Report how many lines of the material below contain the string "komora". The reply is that number and no more.
[Opening Data to examine section]
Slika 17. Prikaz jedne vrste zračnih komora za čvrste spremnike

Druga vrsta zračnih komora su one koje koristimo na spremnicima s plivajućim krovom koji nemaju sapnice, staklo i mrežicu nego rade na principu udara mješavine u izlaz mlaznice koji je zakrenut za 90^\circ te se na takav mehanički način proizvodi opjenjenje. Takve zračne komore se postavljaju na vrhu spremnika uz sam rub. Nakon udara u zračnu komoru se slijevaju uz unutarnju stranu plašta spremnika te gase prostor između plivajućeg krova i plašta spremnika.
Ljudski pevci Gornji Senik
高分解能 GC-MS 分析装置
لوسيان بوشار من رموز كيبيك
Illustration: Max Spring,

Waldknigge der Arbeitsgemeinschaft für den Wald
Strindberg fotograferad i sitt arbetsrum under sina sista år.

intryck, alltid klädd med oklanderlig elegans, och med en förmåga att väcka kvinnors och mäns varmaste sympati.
[Closing Data to examine section]
[Opening Data to examine section]
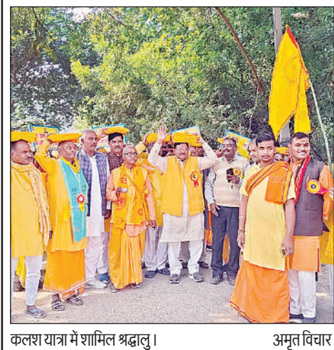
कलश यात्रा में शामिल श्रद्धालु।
[Closing Data to examine section]
## Answer area
2